Influence of cavity and magnetic confinements on the signal enhancement and plasma parameters of laser-induced Mg and Ti plasmas

In this study, we have spectroscopically investigated the plasma generated by a Q-switched Nd:YAG laser operating at its fundamental wavelength of 1064 nm focused on magnesium (Mg) and titanium (Ti) target samples in the air under atmospheric pressure. We employed circular cavities of radii (2.5, 3.0, and 3.5 mm) and a square cavity to investigate the cavity confinement effect on the spectral emission intensities of the plasmas. We observed that the circular cavity of radius 2.5 mm had the maximum signal enhancement, and this can be attributed to the compression of the plasma and reheating by the reflected shock waves.
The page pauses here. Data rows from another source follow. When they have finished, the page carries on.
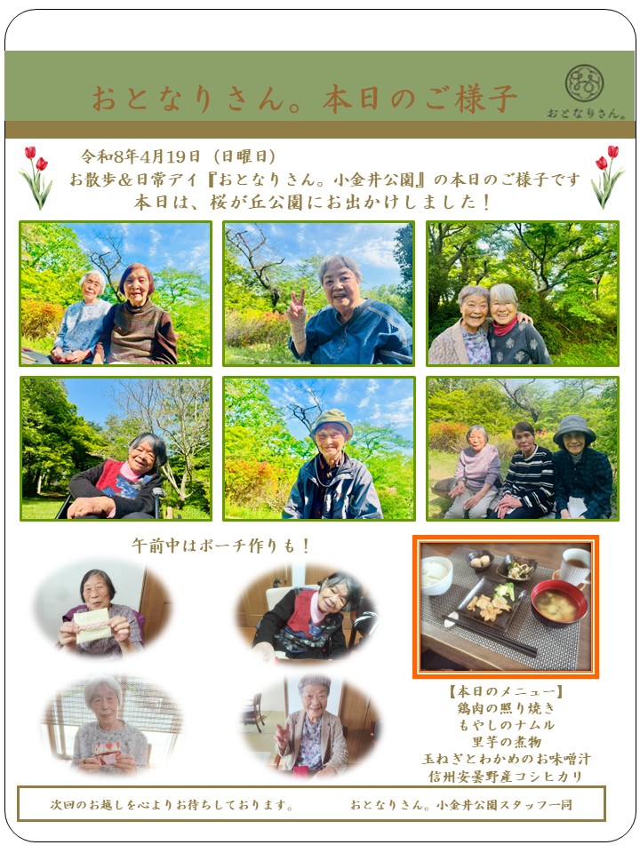 おとなりさん。小金井公園では多摩市にある桜が丘公園にお出かけしました。
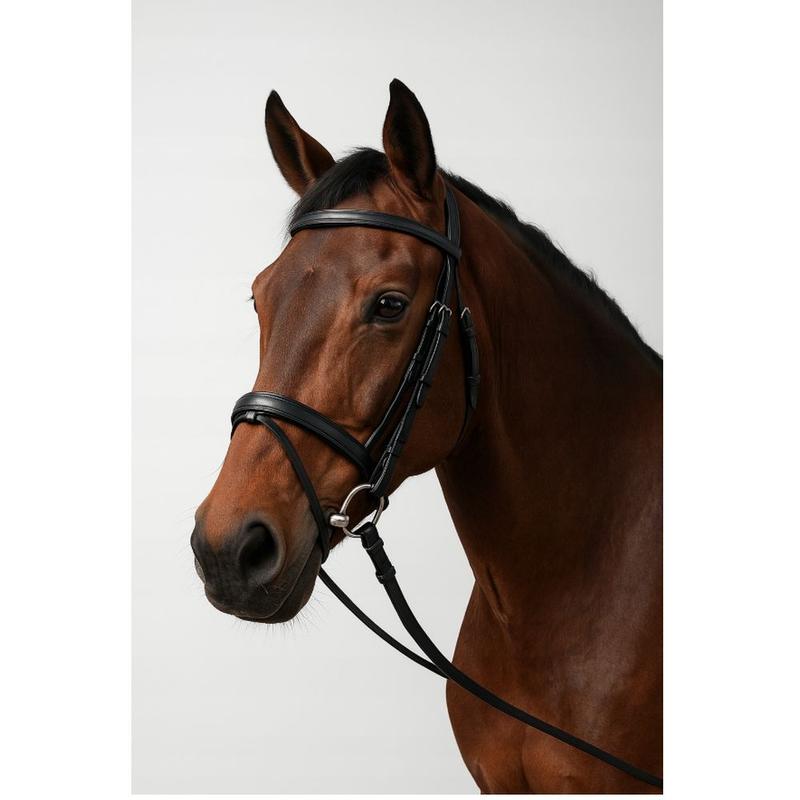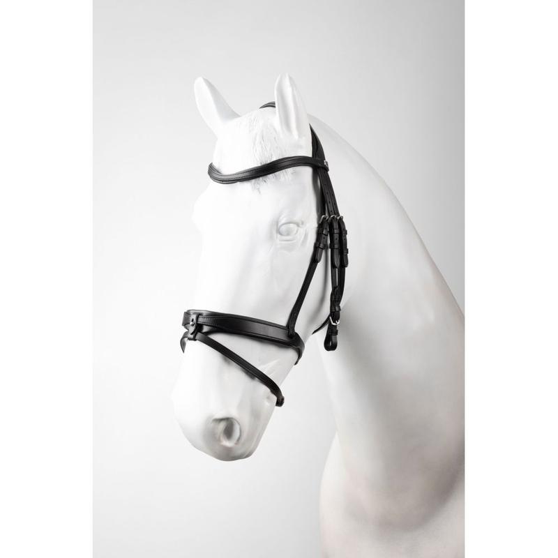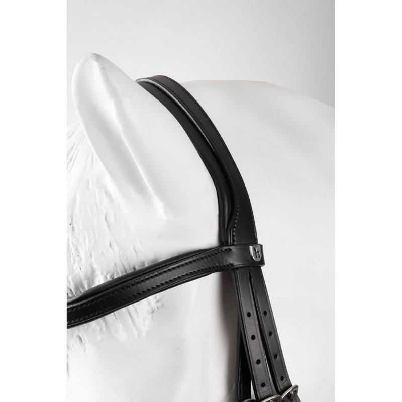 Anatomicznie profilowany nagłówek z miękkim podszyciem oraz prosty nachrapnik z ozdobnym przeszyciem nadają mu elegancki, nowoczesny wygląd.
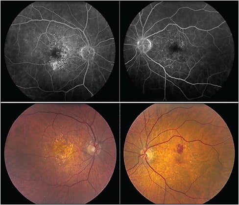 Figure 1. The fluorescein angiogram images (top row) show newly diagnosed occult CNV OD and drusen OS. The right eye received monthly injections of aflibercept, and one year later, the left eye developed occult CNV. Over a period of 48 months, the patient received 28 injections of aflibercept OD and 11 injections of ranibizumab OS. Significant GA developed in the right eye (most of it in the area of the original CNV), but no GA developed in the left eye (bottom row). This case highlights the difficulty in determining the etiology of RPE atrophy as the affected right eye received significantly more anti-VEGF injections but most of the GA occurred in the area of the previous CNV.
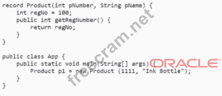 Explanation The code will compile if the regNo variable is made public. This is because the regNo variable is being accessed in the main method of the App class, which is outside the scope of the Product class. Making the regNo variable public will allow it to be accessed from outside the class. References: https://education.oracle.com/products/trackp_OCPJSE17, https://mylearn.oracle.com/ou/learning-path/java-se-17-developer/99487, https://docs.oracle.com/javase/tutorial/java/javaOO/accesscontrol.html
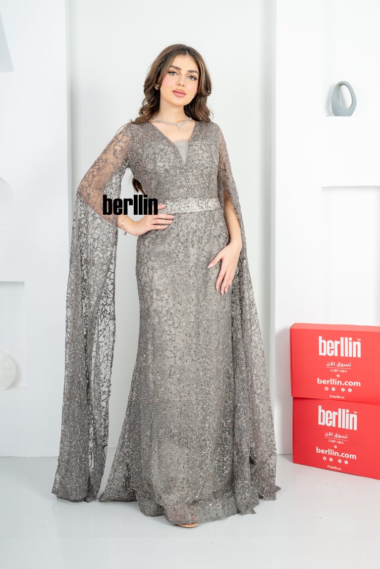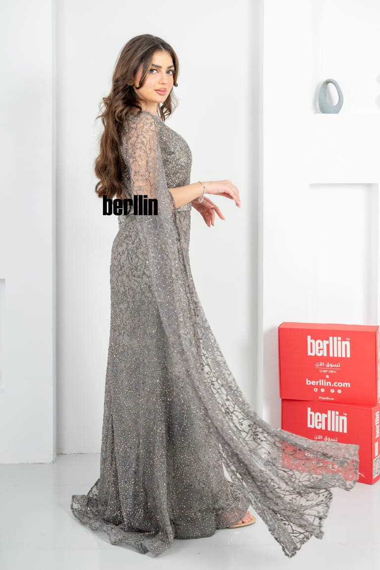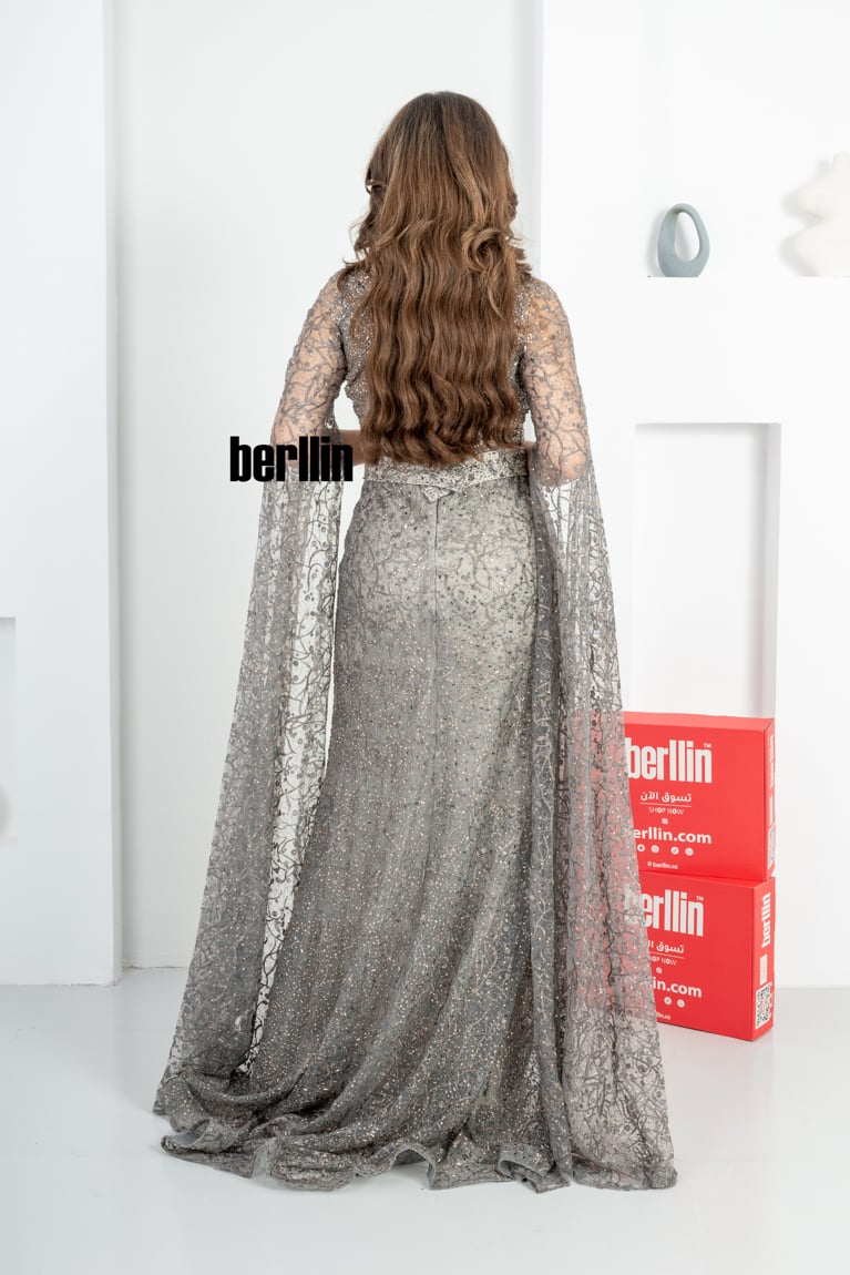 نوع التصميم: فستان سهرة مزين بالفصوص بأكمام كيب لون رصاصي
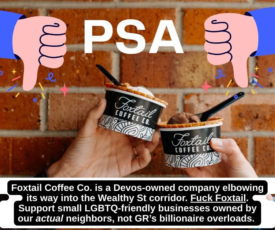 In our second example, there has been more uncritical news coverage of the new DeVos-owned coffee shop, known as the Foxtail Coffee Co. The MLive story does not mention that the cafe is owned by the DeVos family, only that it is part of the Baton Collective.
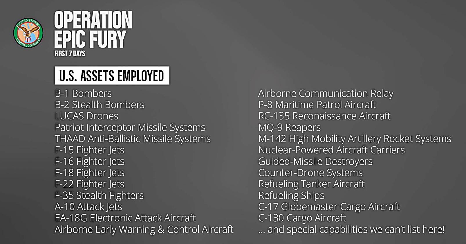 미국 중부사령부는 'Epic Fury 작전'을 통해 개전 후 첫 주 동안 이란 내 3,000개 이상의 목표물을 공격했다고 밝혔다. 공격 목표는 이란의 지휘본부, 방공 시스템, 미사일 기지, 해군 자산 등 군사 기반 시설이었다.
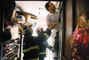 消防官兵爬窗入户
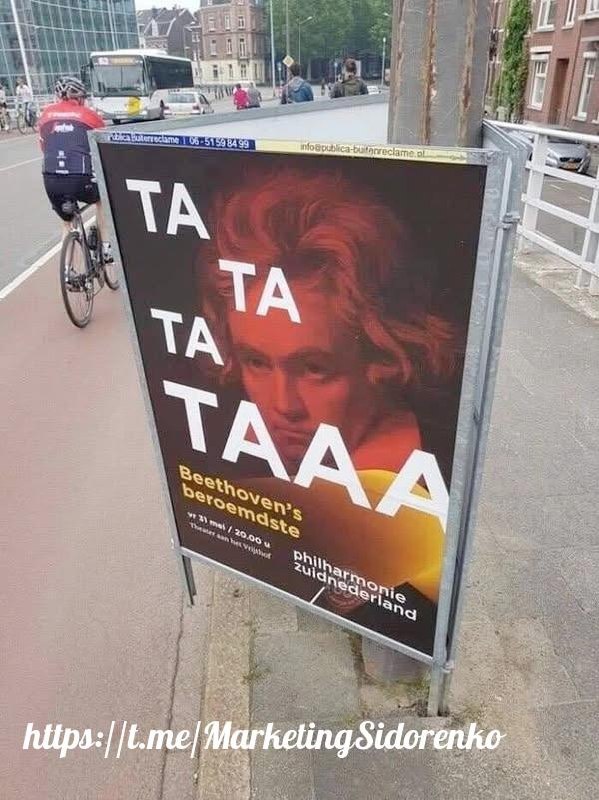 Та-та-та-тааа. Креативные специалисты из Нидерландов представили великолепный постер — концерт Пятой симфонии Бетховена был анонсирован всего четырьмя словами и изображением знаменитого композитора. Возможно, это самая впечатляющая реклама классической музыки за всю историю — даже те, кто никогда не слышал имя Бетховен, сразу поняли, о чём идёт речь. Минимализм, доведённый до крайности и одновременно до гениальности.
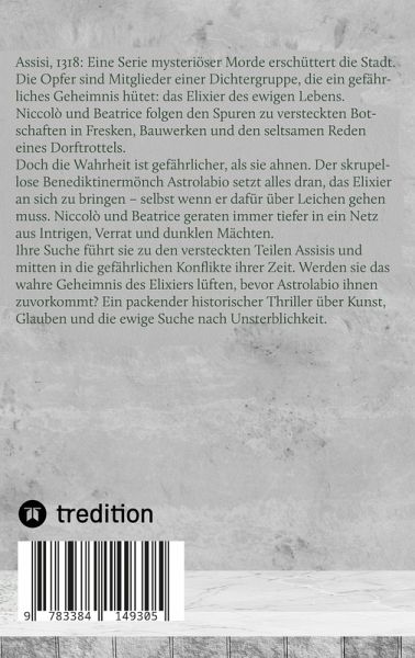 Assisi, 1318: Eine Serie mysteriöser Morde erschüttert die Stadt. Die Opfer sind Mitglieder einer Dichtergruppe, die ein gefährliches Geheimnis hütet: das Elixier des ewigen Lebens.Niccolò und Beatrice folgen den Spuren zu versteckten Botschaften in Fresken, Bauwerken und den seltsamen Reden eines Dorftrottels. Doch die Wahrheit ist gefährlicher, als sie ahnen. Der skrupellose Benediktinermönch Astrolabio setzt alles dran, das Elixier an sich zu bringen - selbst wenn er dafür über Leichen gehen muss. Niccolò und Beatrice geraten immer tiefer in ein Netz aus Intrigen, Verrat und dunklen Mächten. Ihre Suche führt sie zu den versteckten Teilen Assisis und mitten in die gefährlichen Konflikte ihrer Zeit. Werden sie das wahre Geheimnis des Elixiers lüften, bevor Astrolabio ihnen zuvorkommt? Ein packender historischer Thriller über Kunst, Glauben und die ewige Suche nach Unsterblichkeit.
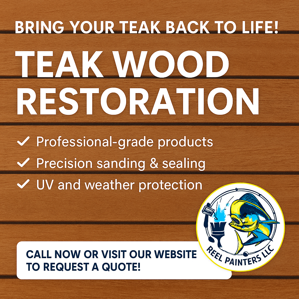 Teak wood naturally weathers over time, turning gray and losing its rich color. Our teak wood restoration service carefully cleans, sands, and seals the surface to bring the wood back to life. Using professional-grade products and precise techniques, Reel Painters restores the natural beauty of your teak while adding durable UV and weather protection to keep it looking great for years.
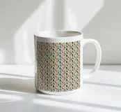 A colorful, repeating pattern consists of abstract shapes in hues of green, yellow, blue, and red. Each element forms a geometric arrangement that creates a vibrant, rhythmic visual effect.
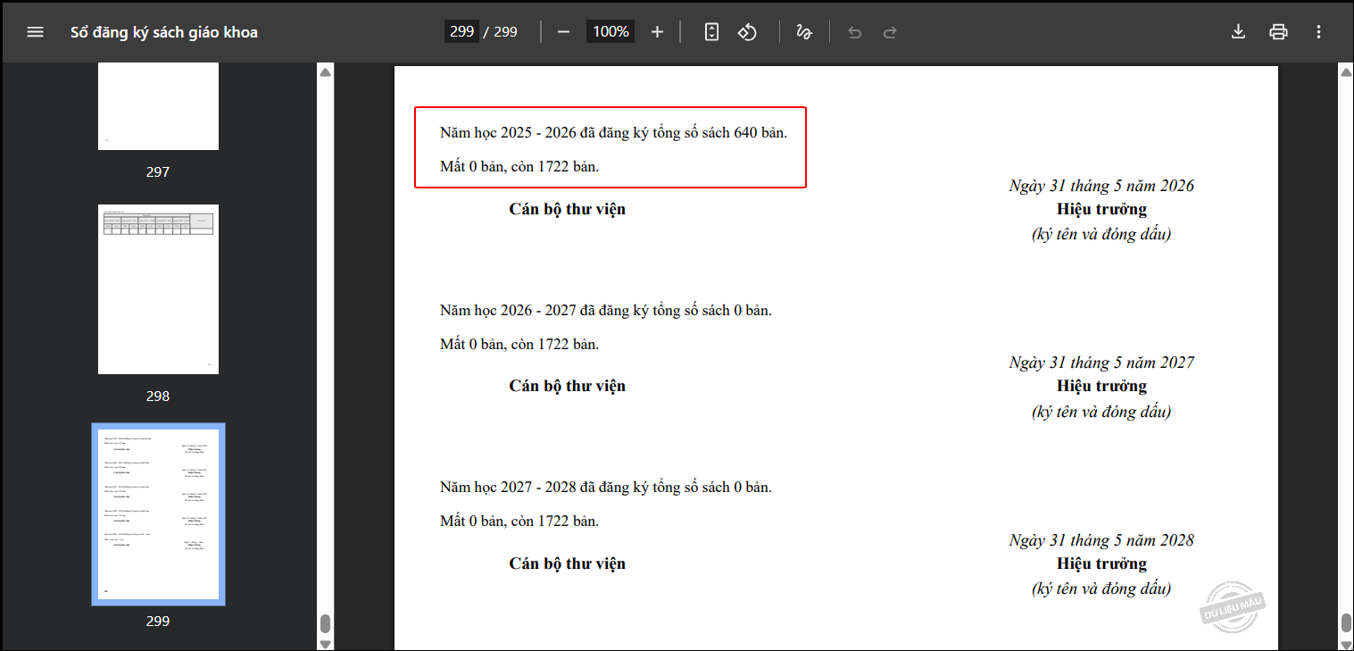 - Do đó, số biên mục sách giáo khoa trên báo cáo trên Sổ đăng ký tổng quát không khớp với Sổ đăng ký sách giáo khoa.
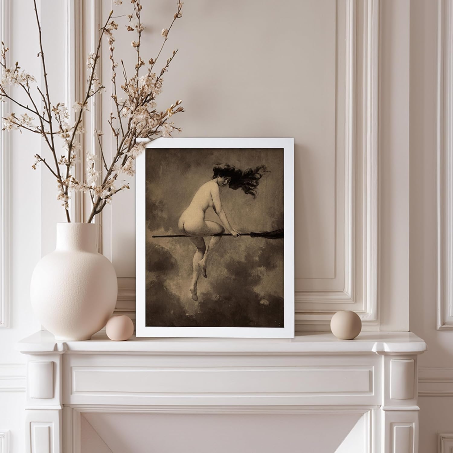 Poster Master Vintage Albert Joseph Penot Poster - Retro Halloween Print - Gift for Artist, Friend - Departure for the Sabbath, Naked Witch on Broom - Wall Decor for Bedroom, 8x10 White Framed
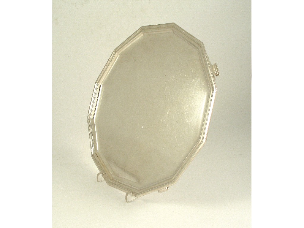 An art deco salver, with 12 sides and openwork bracket feet, by Roberts and Belk, Sheffield 1937, 10.25in (26cm)wide, 16oz
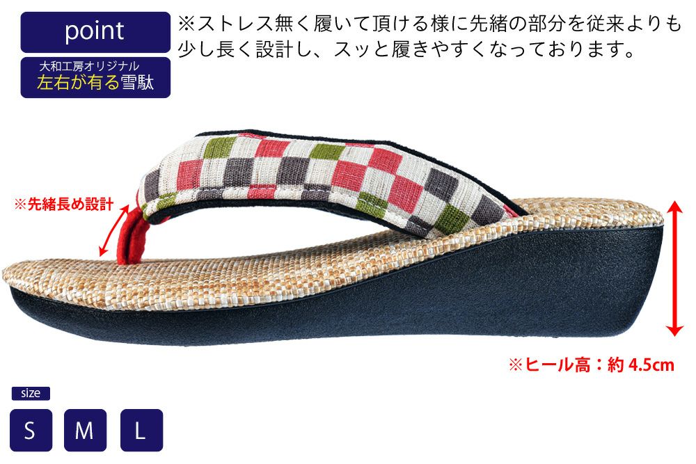ヒールの高さのあるウェッジタイプの雪駄で、ソール部分は大和工房オリジナルのこだわりが詰まっています。
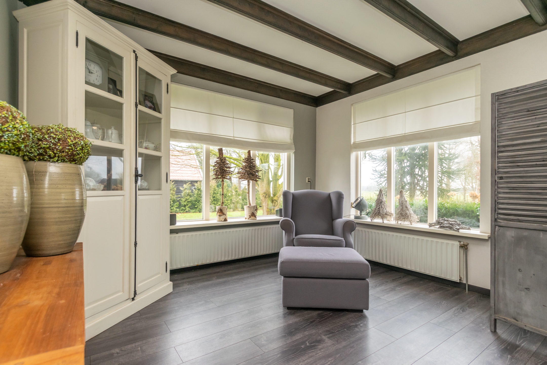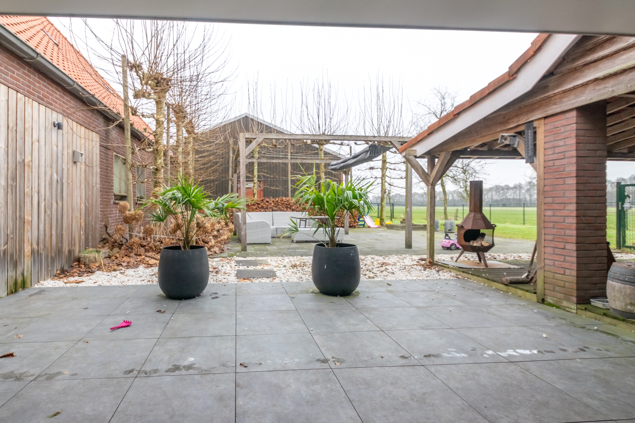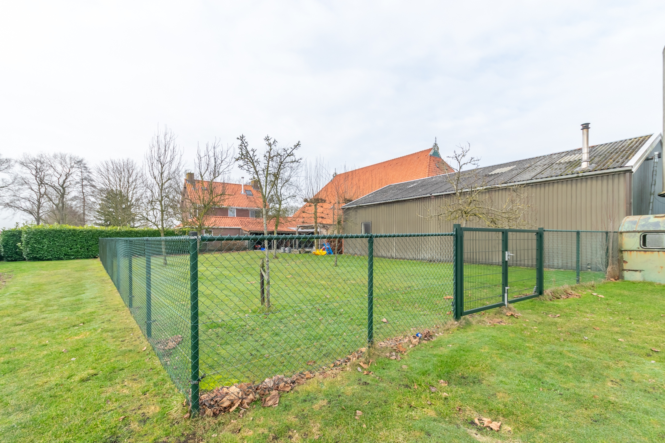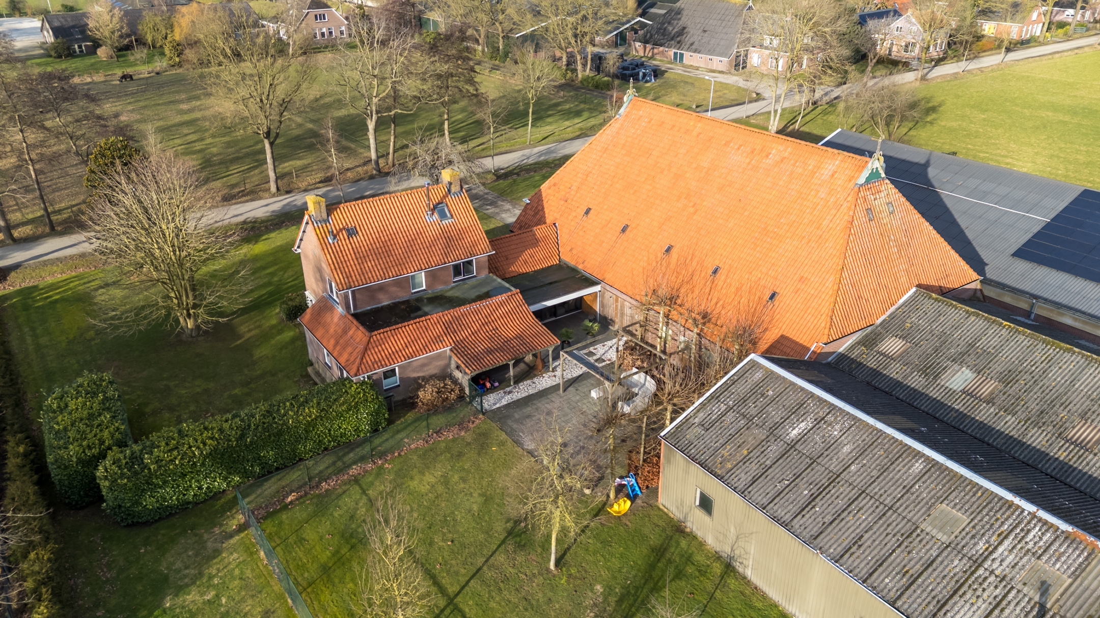 Het erf is ruim en overzichtelijk opgezet. De situering en perceelgrootte zorgen voor een vrij en landelijk karakter met voldoende ruimte rondom de bebouwing.
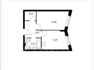 Площадь: 39 м² (кухня 12м², спальня 15м², гардеробная, с/у 4м²). Особенности:— Высота потолков 3 м, толстые стены.
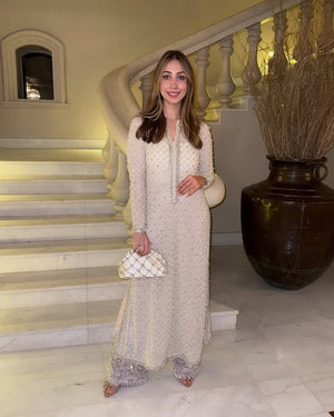 Adorned with over 1700+ original handmade moti work, this outfit radiates charm and sophistication. The soft faux georgette fabric, detailed embroidery, and delicate lace accents make it an ideal choice for weddings, parties, and festive occasions.

The maximum enhancement factor of the Mg I-518.4 nm line was reached at approximately 3.8, 3.4, and 2.8 with a circular cavity of radius 2.5, 3.0, and 3.5 mm, respectively, at a delay time of 350 ns and a laser energy of 350 mJ. By applying varying external magnetic fields (0.47, 0.62, 0.91, and 1.23 T) across the generated plasma, the plasma parameters such as electron temperature and number density have been investigated. From our results, we observed that the radius of the cavity had a tremendous effect on the enhancement of the emission signal intensities. We also found that the increase in the electron temperature and the number density can be attributed to the increase in the applied magnetic field and the laser energy. From our calculations, the value of β, which was less than 1 for all the cases, confirms that there was a plasma confinement at the presence of the magnetic field.